• **EXERCISE**: This exercise calls for every record to be returned exactly, with pictures removed.
--- START ---
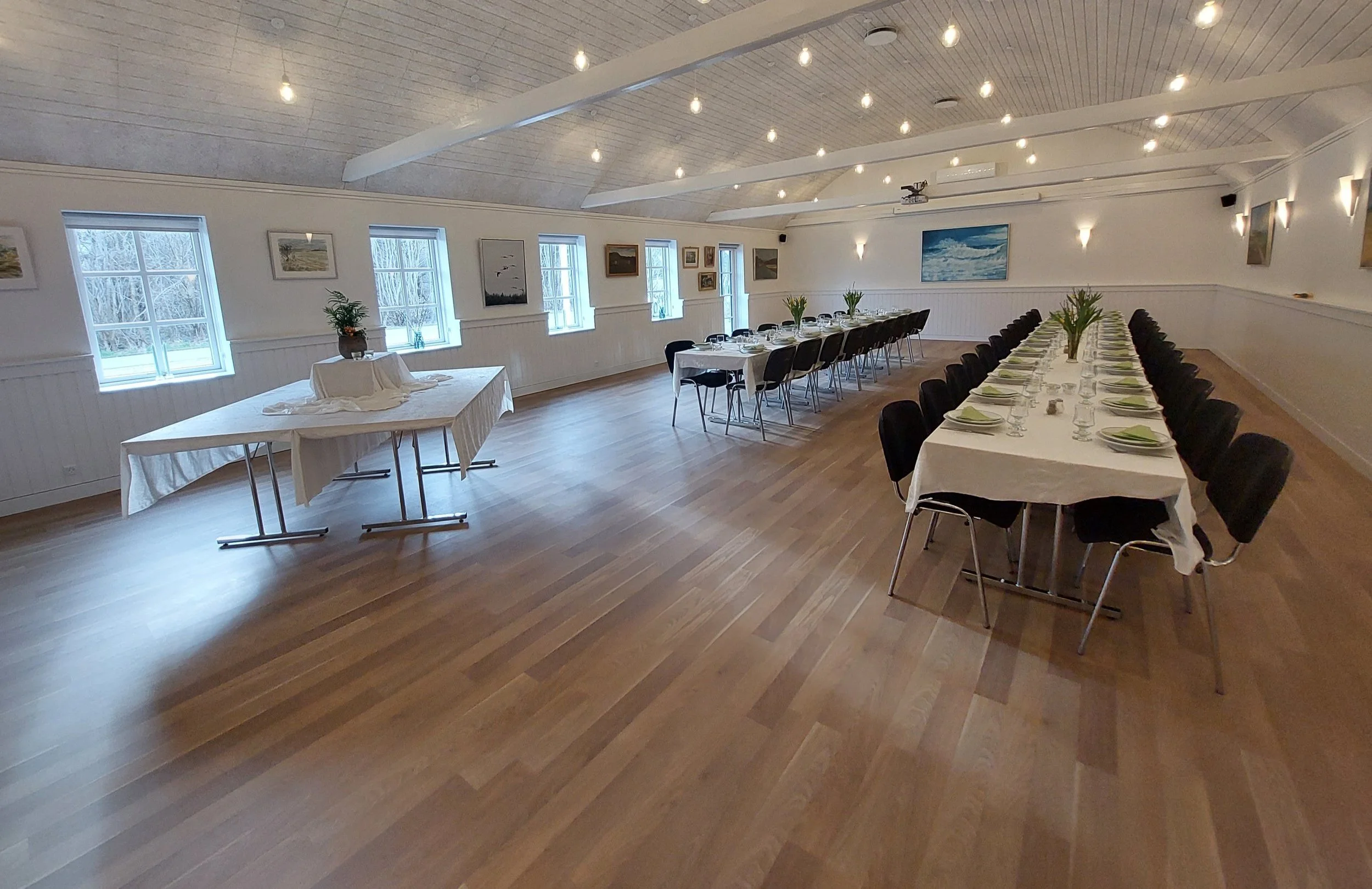 Salen har plads til 110 siddende gæster, er lys og indbydende. Salen har projektor, stort lærred og lydanlæg. I starten af 2023 blev vi færdige med en gennemgribende renovering af salen, der bl.a. omfattede nyt gulv, vægge, loft og lys.
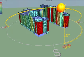 Учёт затенения окружающими объектами, географического положения объекта, его ориентации в пространстве, месяца, времени суток даёт возможность определить теплопоступления и от солнечной инсоляции. Результаты данного расчета становятся частью моделируемых потоков энергии объекта наряду с внутренними нагрузками от оборудования и людей, а также потерями энергии через ограждающие конструкции.
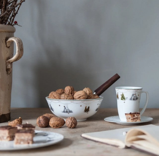 Julemorgen Story bolle 17 cm er mellomstor og elegant med sine feminine kurver. Den er perfekt til å servere tilbehør til middagen, noe søtt til kaffen eller hva annet som måtte friste. Når den ikke brukes til servering kan den brukes som en liten lyslykt, smykkeskrin eller bare stå fremme som et dekorativt element.
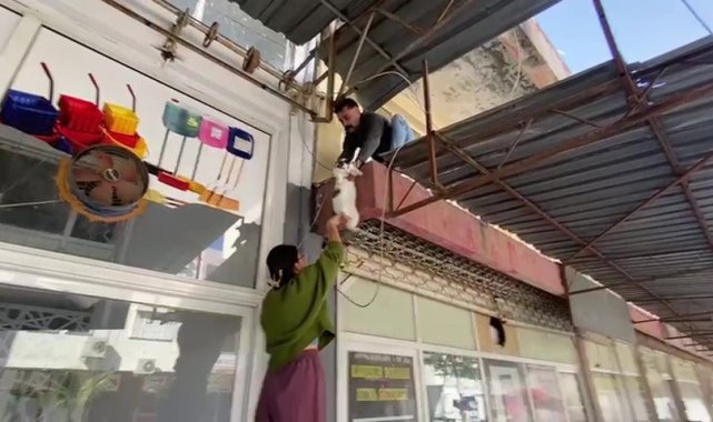 Serik ilçesine bağlı Orta mahallede yaşanan olayda, 4 yıldır beslediği kedisini kaybeden genç kız gözyaşları içerisinde kedisini aramaya başladı. Bir iş yerine ait gölgeliklerde mahsur kalan kediyi kurtarmak için arkadaşından yardım isteyen genç kızın merdivenle kediyi bulunduğu yerden almak için verdiği çaba sonuçsuz kaldı. Genç kızın ağlamaklı halini gören bir esnaf, iş yerinden getirdiği büyük merdiven yardımıyla gölgelik üstüne çıkarak kediyi kurtararak genç kıza teslim etti. Kedisine kavuşan genç kız ise bu kez de sevinçten gözyaşlarına hakim olamadı. İsminin açıklanmasını istemeyen genç kız, "Çok mutluyum, kedime kavuştum. 4 yıldır beslediğim bir kedi" dedi.
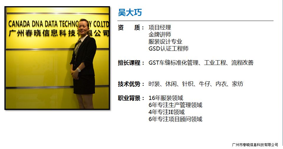 而且,这套系统本身所具备的无可比拟的优点也保证了它的可行性: ,这套系统吸收了原来英国科学的,先进的精华部分,经过了专家的严格论证,从而使时间的设立纳入了标准的技术因素,具有相当的可靠性。第二,它是建立在作业动作动素化、动素时间标准化的基础上,避免了以往现场测时所带来的人为因素的误差,使得工序时间更为准确,做到单价更为公平、合理。第三,它在原有的基础上进一步改善了作业方法和动作,使浮余进一步减少,从而使效率得到大限度的提高。第四,它是专业人士为缝制设计的一套很好的车缝培训教材,可以帮助员工提高车缝水平。第五,GST对于k8凯发来讲更易于学习和接受,它的代码采取的是中文简称的首写字母。由此看来,这种即保障员工收入的公平、合理,又能提高k8凯发员工整体技术水平的贤举良措,k8凯发又有什么理由不去信任它,支持它呢?
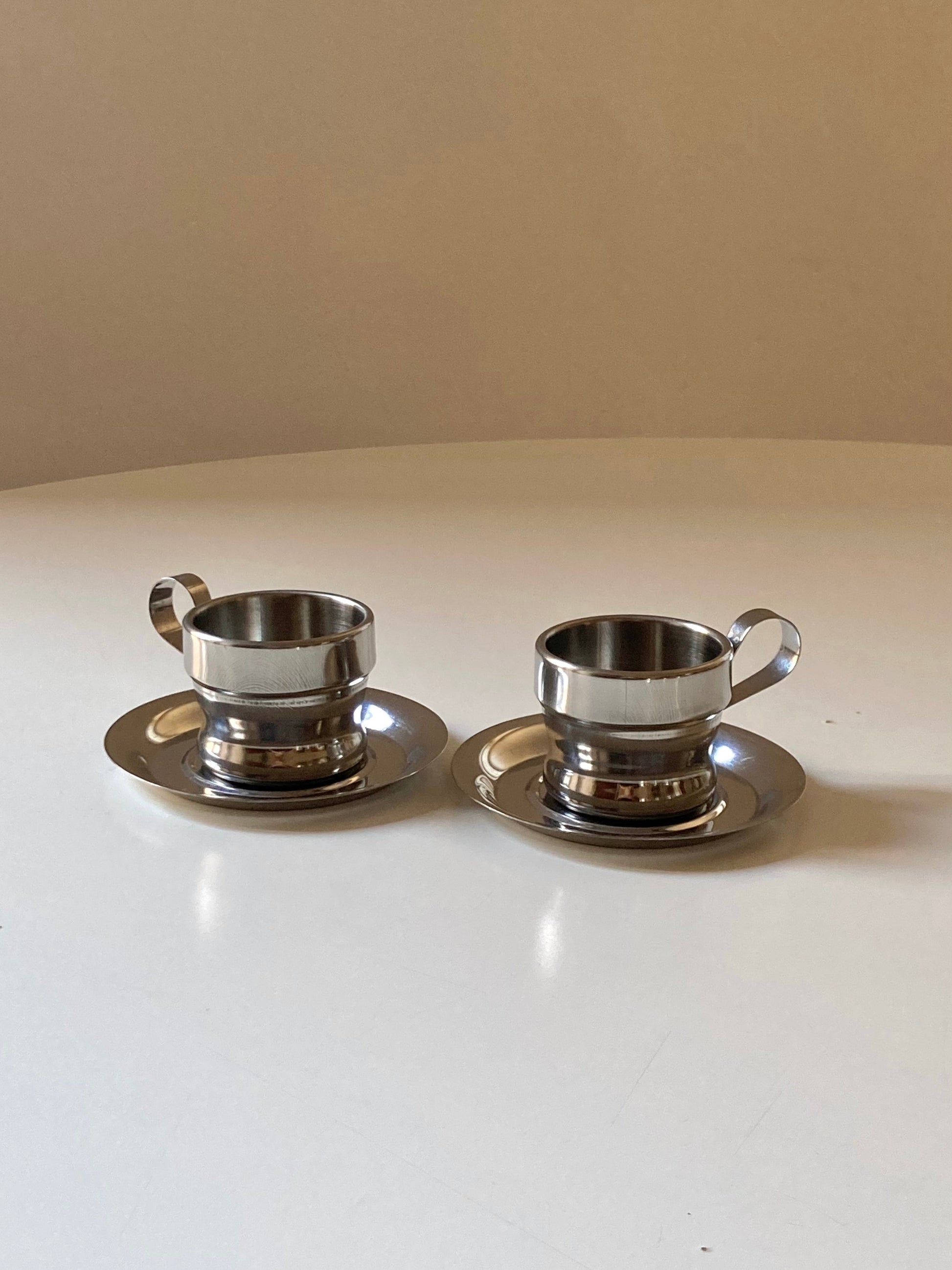 Coppia di due tazzine da caffè termiche in acciaio vintage anni ‘70 modello Jolly di Rivadossi con piattini inclusi 🩶🩶
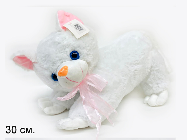им Кошка арт. 6627-22 Белая с розовым бантиком 30 см в пак.)
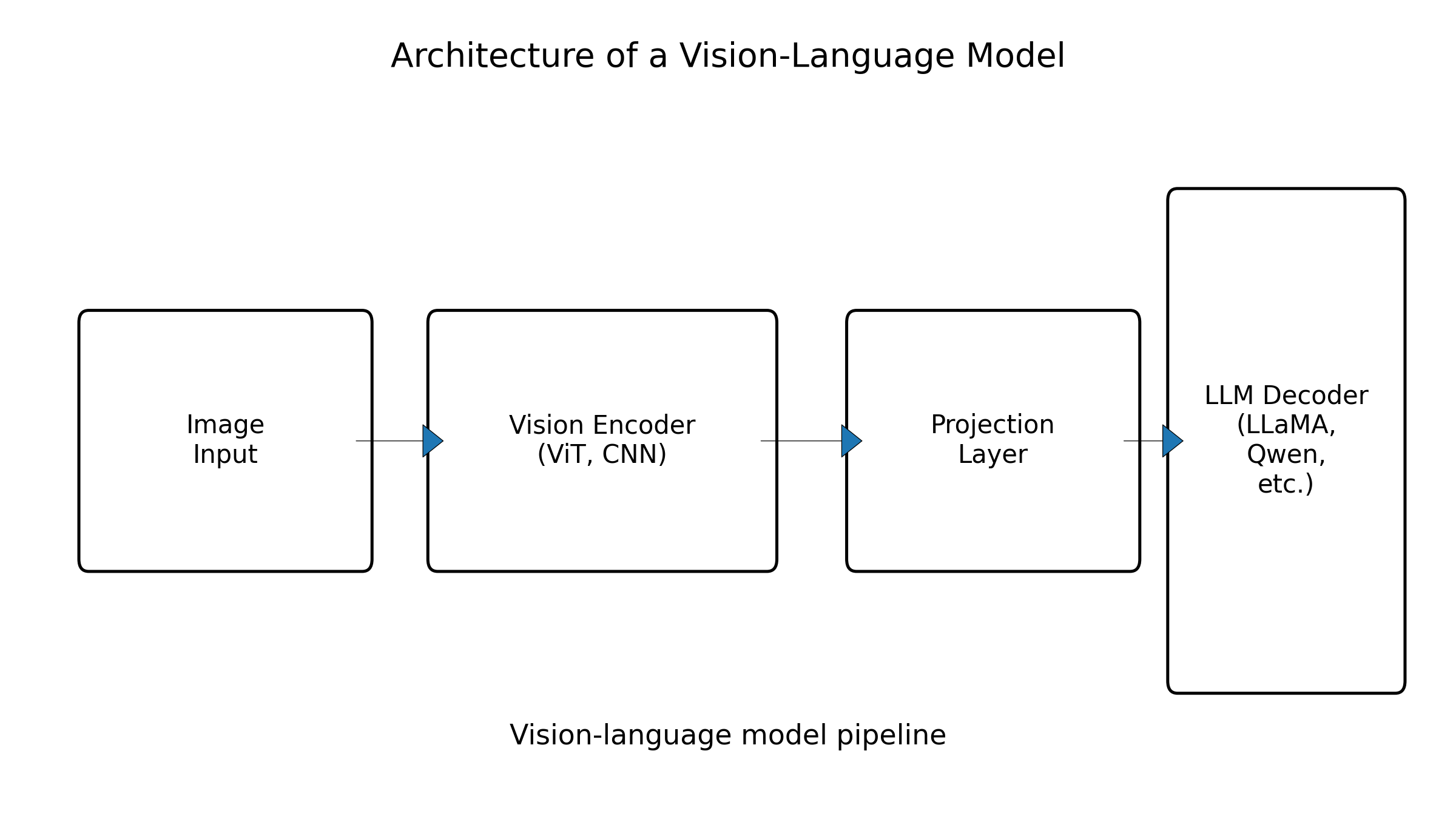 图2:典型 VLM 架构示意:视觉编码器 + 投影层 + LLM】、
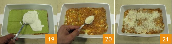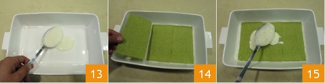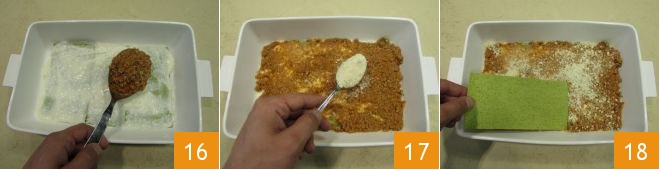 Then move on to assembling the lasagna: take a rectangular baking dish measuring 12 inches long and 8 inches wide. Spread a thin layer of bechamel evenly over the entire surface of the baking dish 13, then lay down the green lasagna sheets 14 and pour a thin layer of bechamel 15.
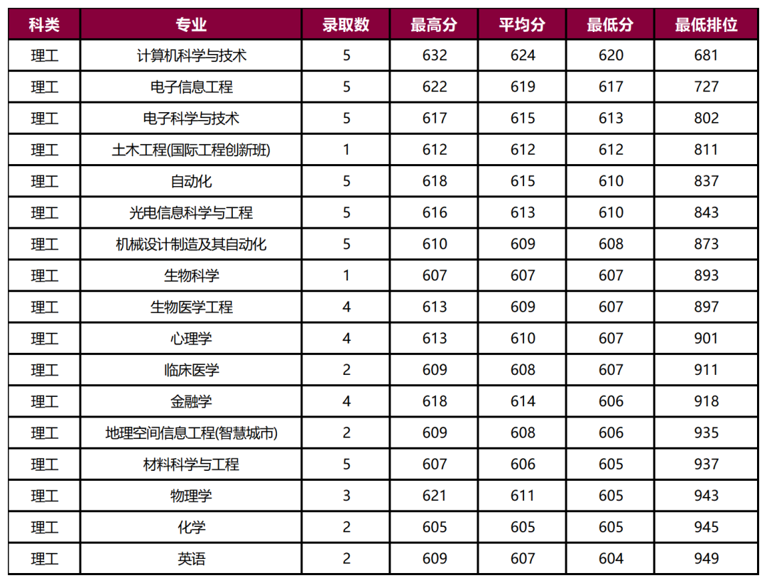 理工类考生需稳定在950名以内,文史类考生需稳定在720名以内,才有较大机会被录取。
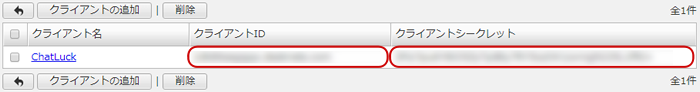 「クライアントID」と「クライアントシークレット」は後ほどChatLuck側の設定で利用するので控えておきます。
--- END ---
• **SOLUTION TO THIS EXERCISE**:
 Salen har plads til 110 siddende gæster, er lys og indbydende. Salen har projektor, stort lærred og lydanlæg. I starten af 2023 blev vi færdige med en gennemgribende renovering af salen, der bl.a. omfattede nyt gulv, vægge, loft og lys.
 Учёт затенения окружающими объектами, географического положения объекта, его ориентации в пространстве, месяца, времени суток даёт возможность определить теплопоступления и от солнечной инсоляции. Результаты данного расчета становятся частью моделируемых потоков энергии объекта наряду с внутренними нагрузками от оборудования и людей, а также потерями энергии через ограждающие конструкции.
 Julemorgen Story bolle 17 cm er mellomstor og elegant med sine feminine kurver. Den er perfekt til å servere tilbehør til middagen, noe søtt til kaffen eller hva annet som måtte friste. Når den ikke brukes til servering kan den brukes som en liten lyslykt, smykkeskrin eller bare stå fremme som et dekorativt element.
 Serik ilçesine bağlı Orta mahallede yaşanan olayda, 4 yıldır beslediği kedisini kaybeden genç kız gözyaşları içerisinde kedisini aramaya başladı. Bir iş yerine ait gölgeliklerde mahsur kalan kediyi kurtarmak için arkadaşından yardım isteyen genç kızın merdivenle kediyi bulunduğu yerden almak için verdiği çaba sonuçsuz kaldı. Genç kızın ağlamaklı halini gören bir esnaf, iş yerinden getirdiği büyük merdiven yardımıyla gölgelik üstüne çıkarak kediyi kurtararak genç kıza teslim etti. Kedisine kavuşan genç kız ise bu kez de sevinçten gözyaşlarına hakim olamadı. İsminin açıklanmasını istemeyen genç kız, "Çok mutluyum, kedime kavuştum. 4 yıldır beslediğim bir kedi" dedi.
 而且,这套系统本身所具备的无可比拟的优点也保证了它的可行性: ,这套系统吸收了原来英国科学的,先进的精华部分,经过了专家的严格论证,从而使时间的设立纳入了标准的技术因素,具有相当的可靠性。第二,它是建立在作业动作动素化、动素时间标准化的基础上,避免了以往现场测时所带来的人为因素的误差,使得工序时间更为准确,做到单价更为公平、合理。第三,它在原有的基础上进一步改善了作业方法和动作,使浮余进一步减少,从而使效率得到大限度的提高。第四,它是专业人士为缝制设计的一套很好的车缝培训教材,可以帮助员工提高车缝水平。第五,GST对于k8凯发来讲更易于学习和接受,它的代码采取的是中文简称的首写字母。由此看来,这种即保障员工收入的公平、合理,又能提高k8凯发员工整体技术水平的贤举良措,k8凯发又有什么理由不去信任它,支持它呢?
 Coppia di due tazzine da caffè termiche in acciaio vintage anni ‘70 modello Jolly di Rivadossi con piattini inclusi 🩶🩶
им Кошка арт. 6627-22 Белая с розовым бантиком 30 см в пак.)
 图2:典型 VLM 架构示意:视觉编码器 + 投影层 + LLM】、
 Then move on to assembling the lasagna: take a rectangular baking dish measuring 12 inches long and 8 inches wide. Spread a thin layer of bechamel evenly over the entire surface of the baking dish 13, then lay down the green lasagna sheets 14 and pour a thin layer of bechamel 15.
 理工类考生需稳定在950名以内,文史类考生需稳定在720名以内,才有较大机会被录取。
 「クライアントID」と「クライアントシークレット」は後ほどChatLuck側の設定で利用するので控えておきます。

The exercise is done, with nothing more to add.